I am looking at this answer to this question:
Let $U \subseteq \mathbb{R}$ be open and let $x \in U$. Either $x$ is rational or irrational. If $x$ is rational, define \begin{align}I_x = \bigcup\limits_{\substack{I\text{ an open interval} \\ x~\in~I~\subseteq~U}} I,\end{align} which, as a union of non-disjoint open intervals (each $I$ contains $x$), is an open interval subset to $U$. If $x$ is irrational, by openness of $U$ there is $\varepsilon > 0$ such that $(x - \varepsilon, x + \varepsilon) \subseteq U$, and there exists rational $y \in (x - \varepsilon, x + \varepsilon) \subseteq I_y$ (by the definition of $I_y$). Hence $x \in I_y$. So any $x \in U$ is in $I_q$ for some $q \in U \cap \mathbb{Q}$, and so \begin{align}U \subseteq \bigcup\limits_{q~\in~U \cap~\mathbb{Q}} I_q.\end{align} But $I_q \subseteq U$ for each $q \in U \cap \mathbb{Q}$; thus \begin{align}U = \bigcup\limits_{q~\in~U \cap~\mathbb{Q}} I_q, \end{align} which is a countable union of open intervals.

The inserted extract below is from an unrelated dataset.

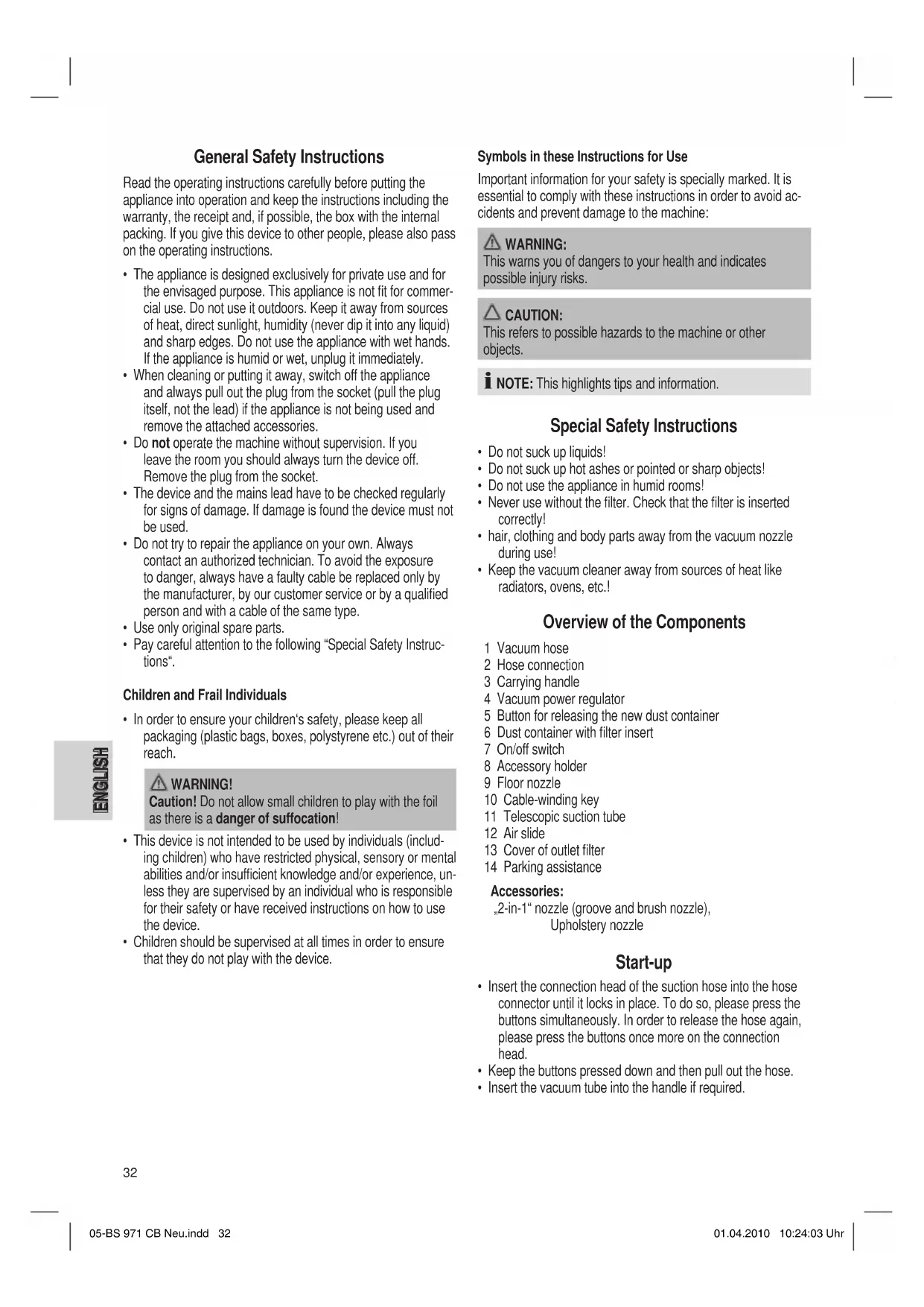 - To lock the device, release the key until you hear it lock in place. Nozzle accessories NOTE: The accessories are to be found in the holder on the telesco- pic tube. Upholstery nozzle: For vacuuming upholstery, curtains and in corners and crevices etc. Groove and brush nozzle: „2-in-1“ nozzle: When this is folded together it can be used as a groove nozzle. If you would like to use the brush nozzle, pull the brush section in the direction of the arrow until it locks in place. Floor nozzle: To clean carpets or smooth surfaces. Releasing the nozzles: Pull these off while turning slightly. 05-BS 971 CB Neu.indd 32 01.04.2010 10:24:03 UhrENGLISH

In particular, I am reading his comments that
That it is a disjoint union follows from the definition of $I_q$: if $x\in I_p\cap I_q$, then $I_p\cup I_q\subseteq I_p \cap I_q$. Hence if $I_q\neq I_p$, $I_p\cap I_q=\emptyset$. Strictly speaking one should throw away all repeated $I_q$ s, and one can definitely do this without destroying the countability of the union.
How does one throw away all the repeated $I_q$s here? Is axiom of choice required?